1918
Murder of the Romanovs
A revolution in February 1917 overthrew the house of Romanov and ended the tsarist autocracy in Russia. Tsar Nicholas II was a decent man but a stubborn and incompetent ruler; he and his German-born wife had grown increasingly unpopular and their deposition at the hands of democratic revolutionaries was well-received in the country. The provisional government imprisoned the royal couple, their chronically-ill son, and four daughters in relative comfort in the Urals, with the hope of sending them into exile. However, the Bolshevik coup dropped the family into the hands of people with little thought of mercy. For Lenin’s Communists, Nicholas was a class enemy whose presence abroad would only encourage opposition to world revolution.
On the night of July 16-17, the royal family, a doctor, and three servants were led to a basement and a death sentence was pronounced against them. Seven executioners then shot, bludgeoned, and bayoneted the victims and disposed of their mutilated bodies in crude fashion. A press release by the local soviet read:
In view of the enemy’s proximity to Yekaterinburg and the exposure by the Cheka [Bolshevik secret police] of a serious White Guard plot with the goal of abducting the former Tsar and his family… In light of the approach of counterrevolutionary bands toward the Red capital of the Urals and the possibility of the crowned executioner escaping trial by the people (a plot among the White Guards to try to abduct him and his family was exposed and the compromising documents will be published), the Presidium of the Ural Regional Soviet, fulfilling the will of the Revolution, resolved to shoot the former Tsar, Nikolai Romanov, who is guilty of countless, bloody, violent acts against the Russian people.

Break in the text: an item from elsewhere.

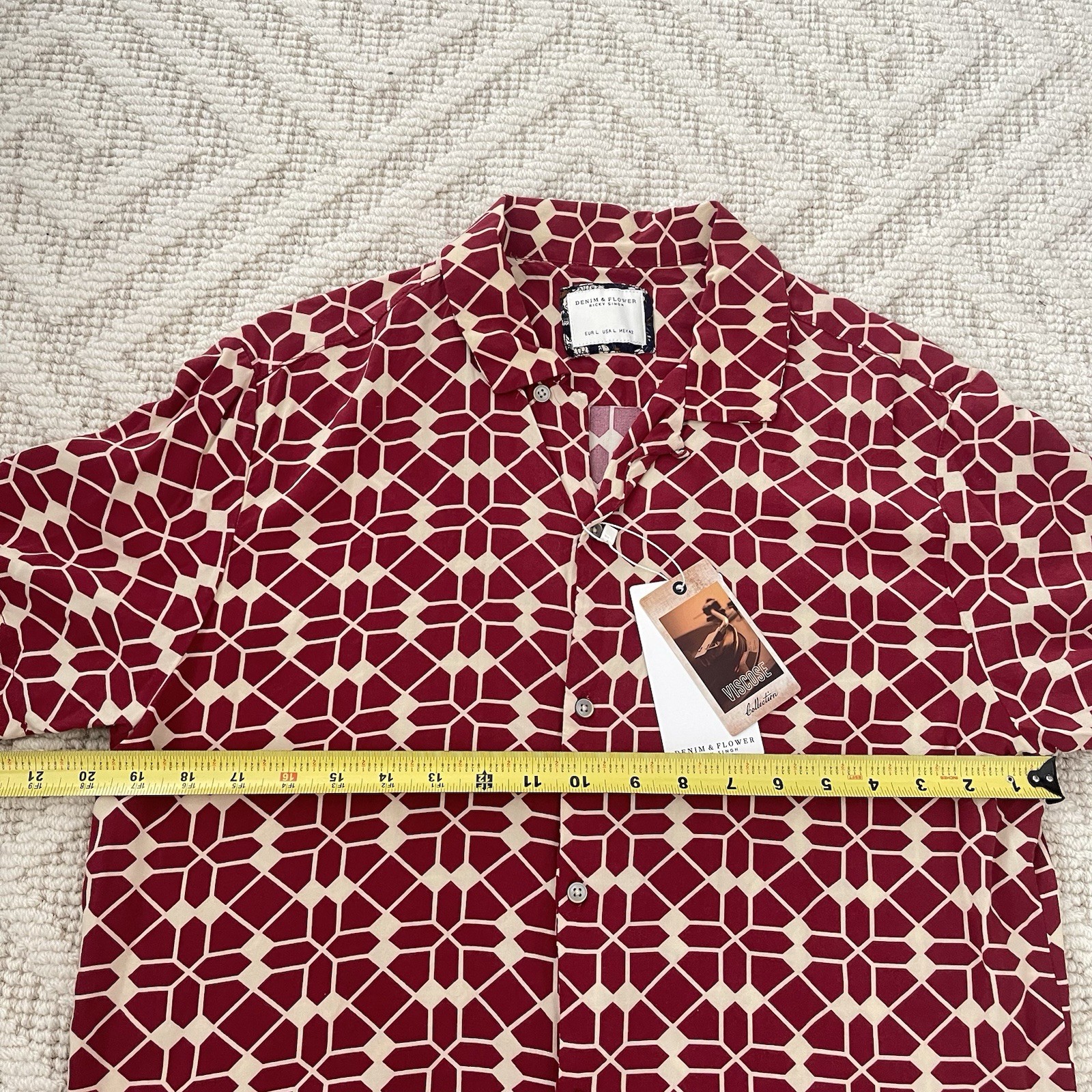 DENIM FLOWER RICKY SINGH Mens L Geometric Print Button Down Shirt

In 1979, the bodies of Nicholas, Alexandra, their servants and four children were discovered but it was not until 2007 that the bodies of Alexei and Maria were identified. The royal family is now entombed together in Peter and Paul Cathedral, St Petersburg.
Many of the execution squad met their own grisly ends, either killed by angry peasants or shot by their own party in purges of the Stalin era. A cathedral has been erected over the site of the murders.